Manuscritos de la ciudad reptil

MANUSCRITOS DE LA CIUDAD REPTIL | JOKER, HITLER ET AL

When the kids had killed the man I had to break up the band”
David Bowie, “Ziggy Stardust”.

Ciudad de México, 24 de octubre (MaremotoM).- De la reciente película Guasón(título original: Joker) ya se ha hablado demasiado, así que esta columna, a pesar de que sólo toma como excusa al personaje, tratará de ser breve (y los espóilers, indirectos).

Durante la proyección, más de una vez perdí la pista de los diálogos por quedarme pensando en que, aunque sean muy distintos los contextos y factores involucrados, me pareció encontrar ciertos hilos comunes entre la vida de Arthur Fleck (el personaje que, después de una acumulación de traiciones y desencantos, se vuelca en un alter-ego –el cual, tragicómicamente, termina encarnando al “Guasón”, un comediante frustrado que no buscará ya desvivirse para hacer brotar en su público la risa fácil como alivio–) y la vida del, a su modo, también malogrado estadista austro-alemán Adolph Hitler, el cuál desarrolló asimismo un alter-ego (mesiánico el suyo) en el rol de führerdel Tercer Reich.

¿Qué tienen en común las vicisitudes del Joker y las de Hitler? Enlistaré a continuación una salpicada semblanza de instancias en el devenir del dictador alemán y usted, si gusta, lleve a cabo las comparaciones pertinentes (si es que las hubiera) con el personaje ficticio del Guasón.
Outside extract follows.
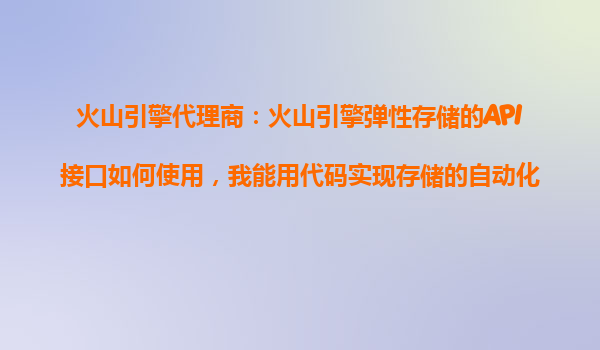 2025-10-29火山引擎代理商指南:火山引擎弹性存储的API接口使用与自动化管理 一、火山引擎弹性存储的核心优势 火山引擎是字节跳动旗下的云服务平台,其弹性存储服务(Volc...
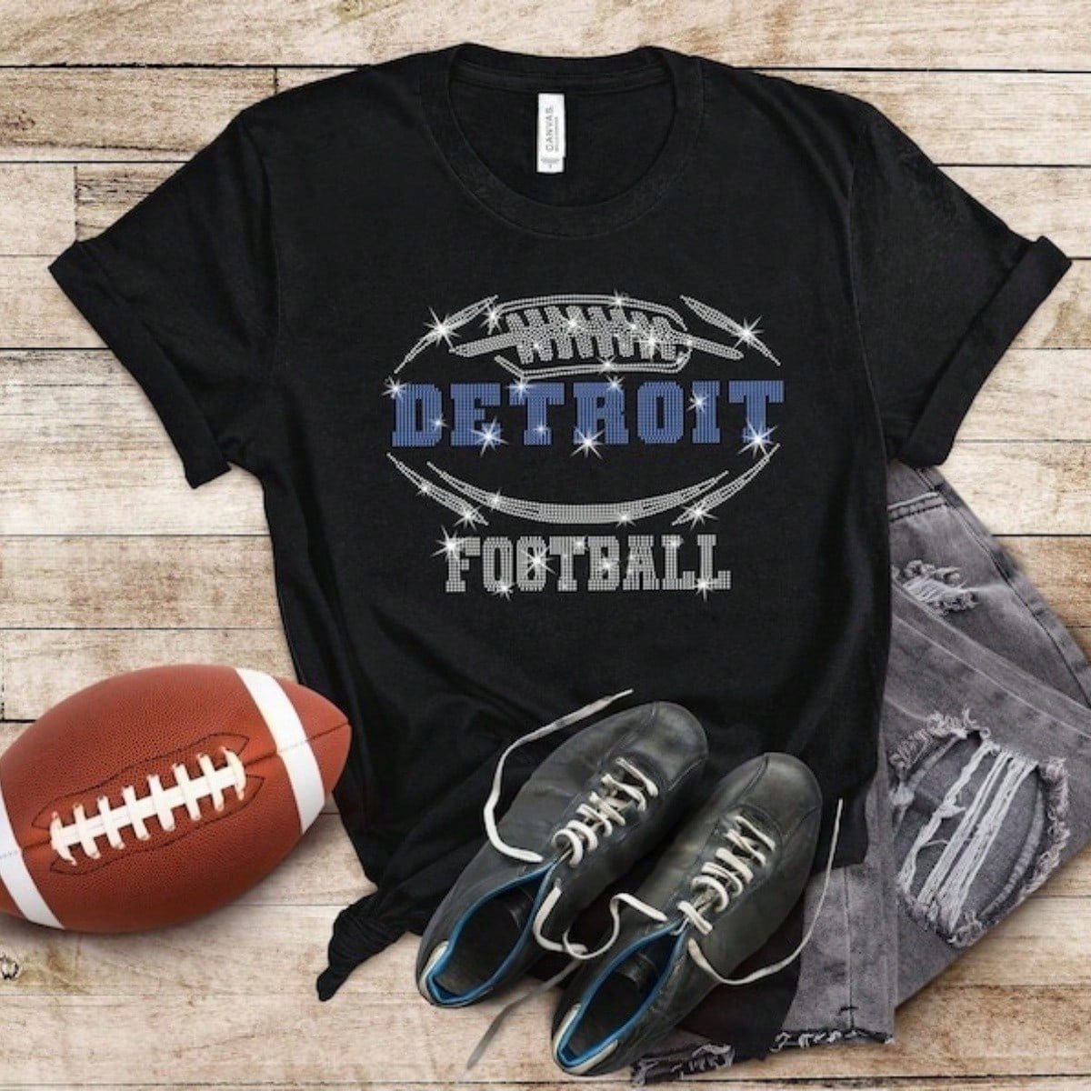 Detroit Rhinestone T-Shirt, Chic Design Sparkling Football Shirt, Shiny Fashion Eye-Catching Tee-Shirt, Glittering Fan Dazzling Team Shirt

  • Aunque, de joven, Adolf Hitler consideraba que su futuro estaba en la pintura o en la arquitectura, no logró ser admitido en la Academia de Bellas Artes de Viena y eso lo hizo sufrir una gran decepción e impotencia.
  • Después de la muerte de su madre, con quien vivía en Linz y a quien acompañó en su agonía, Hitler se mudó a Viena y con dificultades pudo sobrevivir en trabajos diversos (tal vez sufriendo abusos por parte de personas mezquinas y usureras); llegó a ser desalojado de su apartamento y tuvo que vivir en un hostal y recurrir a comedores de indigentes (allí estaría en contacto con algunas minorías étnicas, respecto de las cuales tal vez quiso desmarcarse desde entonces).
    • No tuvo más opción que aceptar ser enrolado para la Primera Guerra Mundial. En el ámbito militar, si bien algo enclenque, Hitler fue considerado como un soldado “correcto”; sin embargo, según se informa, era impopular entre sus compañeros debido a una actitud poco crítica (¿fanática?) hacia los superiores. ¿Y sus lazos emotivos con el exterior? Se rumoró también que nunca recibía cartas o presentes de amigos o familiares.
    • Casi al final de la guerra, estuvo temporalmente ciego por haber quedado atrapado en un tanque británico de gas tóxico. Fue tratado por un médico militar y por un psiquiatra, quien diagnosticó que el cabo –rango militar alcanzado por Hitler en ese entonces– era “incompetente para comandar gente” y, además, “peligrosamente psicótico”.
  • Hitler llegó a expresar que, de niño, era azotado a menudo por su padre.
    • Sin dinero ni amigos o familiares cercanos, al terminar la guerra permaneció en el ejército y empezó a involucrarse en tareas “políticas”. Hitler se convirtió en un espía militar, investigó a los diversos grupos socialistas que estaban naciendo en toda Alemania. También participó como oficial educador en el «pensamiento nacional», cursos organizados por el Departamento de Educación y Propaganda. La principal tarea de las pesquisas de Adolf era erradicar “ideas peligrosas” como la democracia o el socialismo. Un objetivo clave era crear chivos expiatorios para justificar la derrota alemana durante la Primera Guerra Mundial; los proyectaron, como se sabe, en el judaísmo internacional, los comunistas y los políticos liberales.
    • La figura de Hitler fue cobrando más y más protagonismo, se involucró de tiempo completo en las actividades del partido para perfilar con nitidez el matiz ideológico necesario para justificar el régimen en ascenso. Hitler fue, pues, empoderado durante un período de crisis económica, social y política. Como líder de su partido y alentado por el rápido crecimiento de su influencia, se asumió como impulsor de la supremacía de la raza aria y empezó a idear obsesivamente la extensión de su poderío (lo que, en términos de megalomanía, casi nunca tiene límites sensatos).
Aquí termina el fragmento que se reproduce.